发明名称 System and method for identification of near duplicate user-generated content
摘要 A computer-implemented system and method for identification of near duplicate user-generated content in a networked system are disclosed. The apparatus in an example embodiment includes a data receiver to receive a first instance of user-generated content; a tokenizer to tokenize the first instance into a set of words, create a set of portions from the tokenized first instance, and assign weight to each portion of the set of portions; a magnitude calculator to calculate a magnitude for the first instance based on the weight of each portion; a resemblance score calculator to search a data store for a second instance with at least one portion in common with the first instance and calculate a resemblance score between the first instance and the second instance; and an account linker to link accounts associated with each of the first instance and the second instance.

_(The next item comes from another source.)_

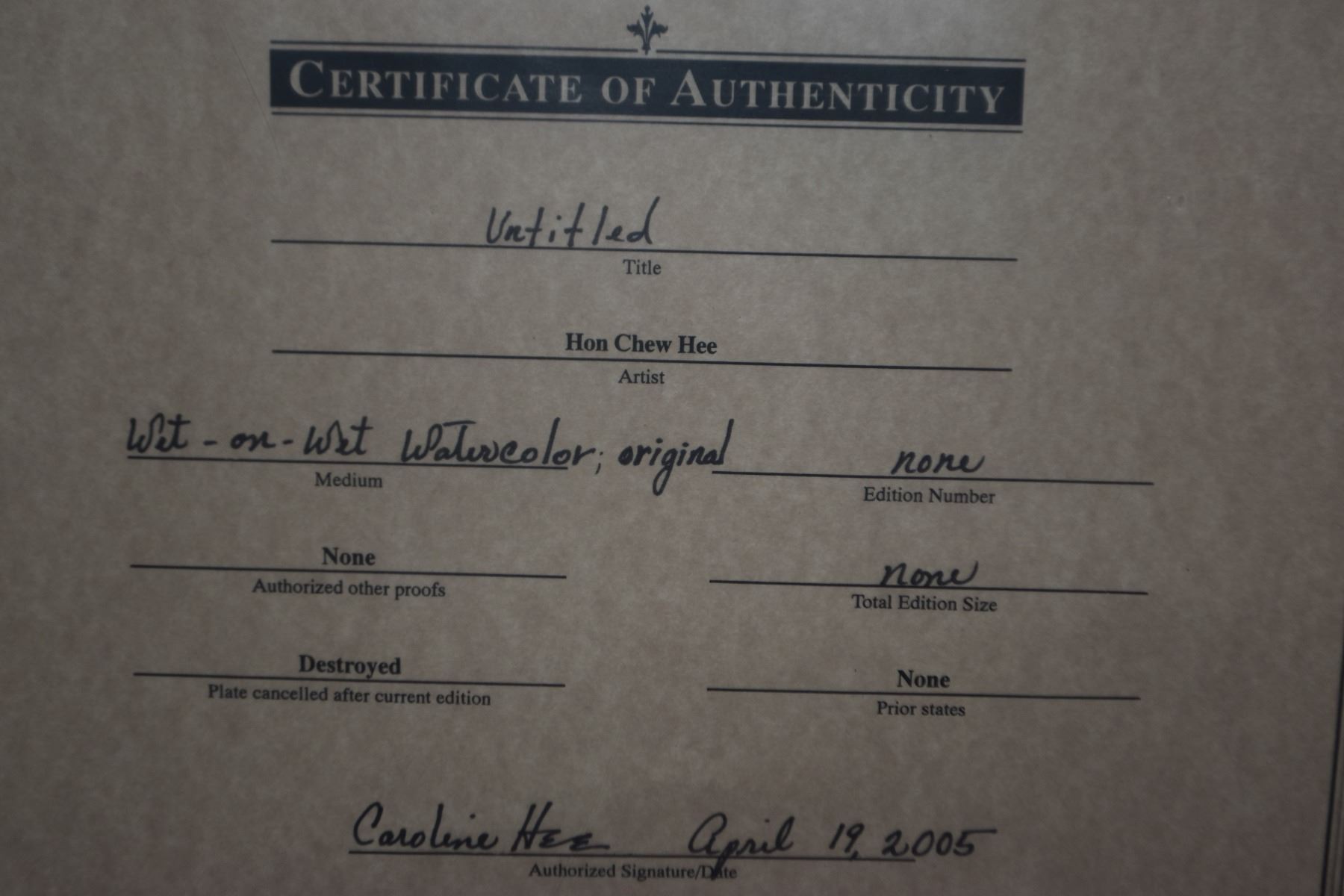 FRAMED ORIGINAL WET-ON-WET WATERCOLOR BY H.C. HEE W/CERTIFICATE (20 3/4" X 16 3/4")

申请公布号 US9454610(B2) 申请公布日期 2016.09.27
申请号 US201514727622 申请日期 2015.06.01
申请人 eBay Inc. 发明人 Schuil Robin Johan
分类号 G06F17/30;G06Q30/08 主分类号 G06F17/30
代理机构 Schwegman, Lundberg & Woessner, P.A. 代理人 Schwegman, Lundberg & Woessner, P.A.

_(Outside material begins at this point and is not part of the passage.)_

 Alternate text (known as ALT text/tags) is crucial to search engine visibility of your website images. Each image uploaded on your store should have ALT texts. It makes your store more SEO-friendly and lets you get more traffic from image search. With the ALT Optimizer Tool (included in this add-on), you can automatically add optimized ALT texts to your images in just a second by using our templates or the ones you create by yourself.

主权项 1. A method comprising: using a computer processor, automatically identifying, among a plurality of existing instances of user-generated electronic content, one or more instances that are near duplicates of a new instance of user-generated electronic content, as determined based on a measured degree of similarity between the existing instances and the new instance; and for each of the identified near-duplicate existing instances of user-generated electronic content, determining whether a single account holder is responsible for submitting the new instance of user-generated electronic content and the near-duplicate existing instance of user-generated electronic content, wherein, for at least one of the near-duplicate existing instances of user-generated electronic content, the determination that a single account holder is responsible for submitting the new instance and the near-duplicate existing instance is based on finding an intersection between user data associated with a first account associated with the new instance and a second account associated with the near-duplicate existing instance, the user data identifying the single account holder and being distinct from the user-generated electronic content.
地址 San Jose CA US